Variable types
Overview
In the context of automotive data analysis, a variable can be thought of as a (static) characteristic or a measurement that can change or vary over time. Variables can be used to describe different aspects of the environment or the vehicle itself, such as its position, speed, acceleration, size, distance, object type or colour.
Variables play a crucial role in automotive data analysis because they allow us to measure and quantify the behavior of a vehicle and its surroundings. By collecting and analyzing data on these variables, we can gain insights into how an (automated) vehicle is performing, identify critical situations, evaluate the sensor performance and finally reason about its safety.
It's important to note that variables in automotive data analysis can come in different forms, such as continuous variables (e.g., speed, size or acceleration) or categorical variables (e.g., material, colour and model of the vehicle).
Taxonomy
Categorical variables
Nominal variables are variables that have categories or labels with no inherent order or hierarchy. For example, in automotive data analysis, a nominal variable could be the make or model of a vehicle. Each vehicle belongs to a particular make and model category, but there is no inherent order or ranking between different categories.

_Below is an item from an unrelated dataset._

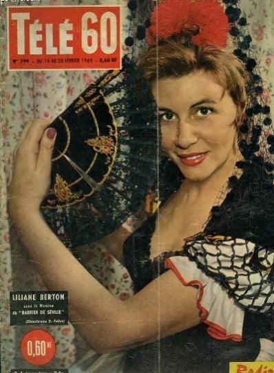 Pour Le Barbier de Séville, ce fut différent : quelques mois plus tard, j’étais en possession de l’intégrale d’où étaient tirés les fameux extraits qui m’avaient tant charmé : il s’agissait d’un triple album EMI Pathé Marconi. Jules Gressier, qui dirigeait l’essentiel des albums d’opérettes également parus chez EMI et dont j’avais entrepris la collection, dirigeait les chœurs et l’orchestre du Théâtre National de l’Opéra-Comique, et je retrouvais certains noms que je connaissais déjà, notamment Michel Dens, le Pippo de mon tout premier disque lyrique, La Mascotte d’Audran, et Liliane Berton, l’Oreste de ma sélection de La Belle Hélène, dans laquelle chantaient également Deva Dassy et Claude Devos. (En surfant sur le net, je la découvre en couverture d’un numéro de Télé 60, où elle pose en costume de Rosine. Heureuse époque que celle où une chanteuse lyrique pouvait faire la Une des magazines télé !)

Dichotomous variables are variables that have only two possible categories or values. For example, in automotive data analysis, a dichotomous variable could be whether a vehicle is electric or gasoline-powered. Dichotomous variables are often analyzed using binary logistic regression, which can help identify factors that are associated with the presence or absence of a particular category or value.
Ordinal variables, on the other hand, have categories or labels that can be ranked or ordered based on their relative value or magnitude. For example, in automotive data analysis, an ordinal variable could be the level of fuel efficiency of different vehicles, which can be ranked from most fuel-efficient to least fuel-efficient. Ordinal variables are analyzed using measures such as median and quartiles, which can provide insights into the central tendency and variability of the data.
Continuous variables
Another important type of variable in statistics is the continuous variable. Unlike nominal, ordinal, and dichotomous variables, which are categorical in nature, continuous variables are numerical and can take any value within a range.
Note that you can define either ordinal variables based on intervals of a single continuous variable, which can sometimes simplify an analysis or a metric.
Representation in Python
The following table gives a high level overview about the recommended representation of the above mentioned types
in Python. In addition to Python-native types included in the standard library, the table lists types used in
numpy
and pandas
, which is more convenient for larger analysis tasks.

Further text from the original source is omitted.